Temi sul debito

 

La finanziaria subisce gli ultimi ritocchi che non modificano l'insieme, dove il dato centrale è l'allungamento dell'età pensionistica che ha un significato economico preciso. Il debito pubblico verrà pagato dai pensionati, determinando un risparmio dal 2018 di €20 miliardi all'anno, che servono per ridurre l'importo del debito, oggi al 120%, fino al 2030. E' questa la data a cui il Parlamento europeo, centro democratico, ha deliberato vada riportato al 60% il debito dei singoli paesi. Spostando il pensionamento verso i 70 anni futuri e non rivalutando gli importi secondo inflazione, si ottiene un discreto risparmio, almeno di €320 miliardi dopo il 2018, almeno €100 miliardi entro il 2018 stesso.

Questo è il senso della finanziaria di Monti nei suoi elementi "strutturali", a cui si deve aggiungere la fine definitiva della concertazione sindacale, nata nel 1993, per cui i sindacati non vengono coinvolti nelle scelte; viene a loro, solo successivamente, data comunicazione delle scelte prese nell'ambito del governo e delle commissioni parlamentari, prima della ratifica del voto parlamentare. Questo determina il ruggito dei topi che improvvisamente si trovano a indire uno sciopero di 3 ore, loro che da anni fanno solo trattative di vertice e presidi simbolici; ed infatti ne è risultata una mobilitazione inutile che serve solo ad anticipare l'incazzatura della base e dei delegati nelle aziende deviandolo in azione simbolica, dopo che molti cortei avevano spontaneamente sospeso la produzione nelle fabbriche. Infatti si colpisce il corpo centrale della struttura sindacale e anche produttiva italiana: i 50enni.

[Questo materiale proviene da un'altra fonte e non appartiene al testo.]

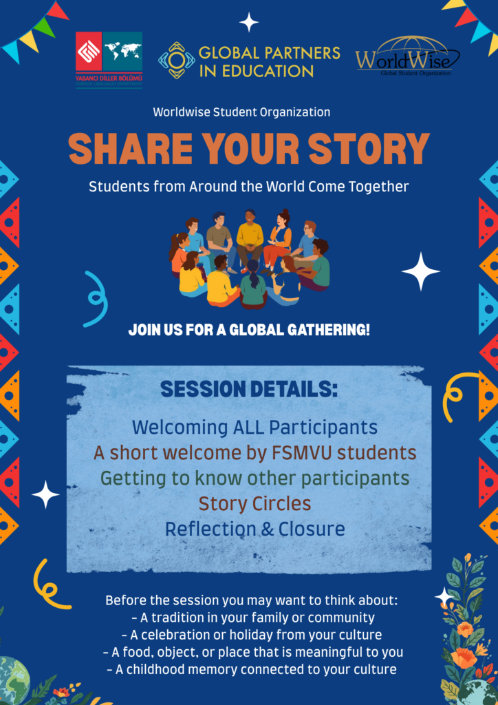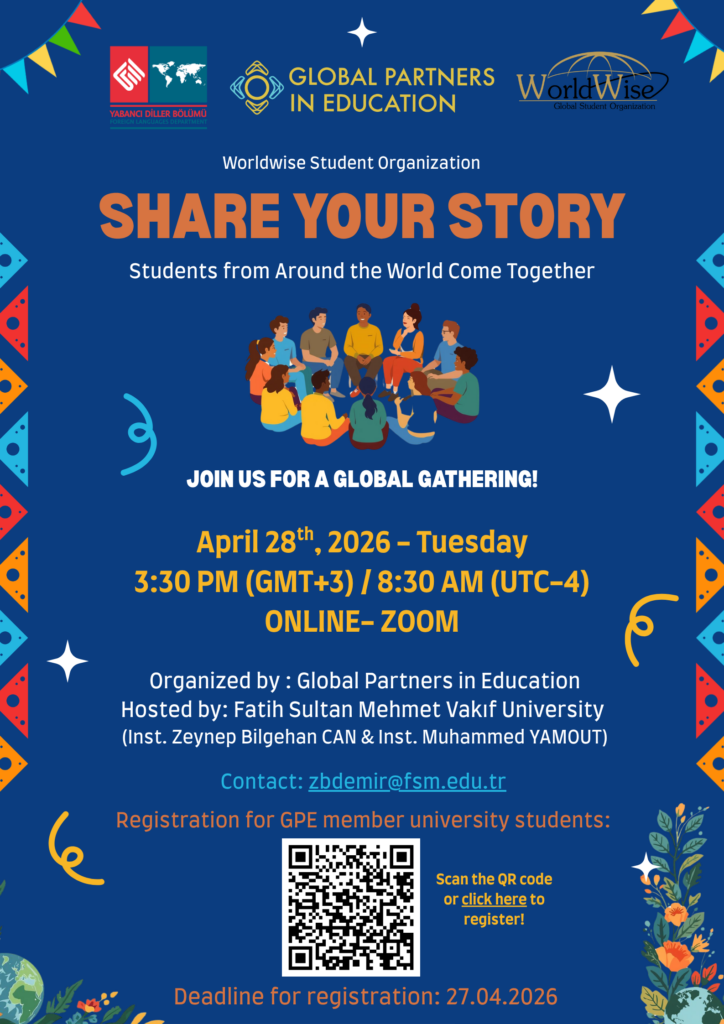 Zapraszamy Cię na „Share Your Story” – wyjątkowe wydarzenie online organizowane przez Global Partners in Education oraz WorldWise, którego gospodarzem jest Fatih Sultan Mehmet Vakıf University.

Nel mentre le liberalizzazioni sfumano, i tagli della casta si stemperano, le privatizzazioni spariscono, la patrimoniale diventa una speranza per le future generazioni; persino la vendita degli immobili pubblici si è persa nei meandri del parlamento. Rimangono i trasferimenti alle aziende (€10 miliardi all'anno), dati strutturali fatti di riduzioni IRAP e di ACE che servono a ricapitalizzare le imprese, a costi nulli come tassazione, in un momento dove il costo degli interessi avrebbe spinto autonomamente i padroni ad usare maggiormente i propri soldi, anziché andare in prestito dalle banche come stanno da sempre facendo, almeno per 88% degli ammortamenti correnti. Una delle caratteristiche dell'imprenditoria italiana è usare denaro altrui nelle aziende, pari al 12%, mentre in Germania o Francia usano almeno il 30%, quindi si preferisce pagare interessi piuttosto che tasse. Questo è il progetto della Confindustria che era stato definito a metà luglio, altro che interessi della finanza multinazionale. Mentre a sinistra si discute sulla "metafisica" del debito, altri decidono chi lo paga nei prossimi anni e sono i soliti noti.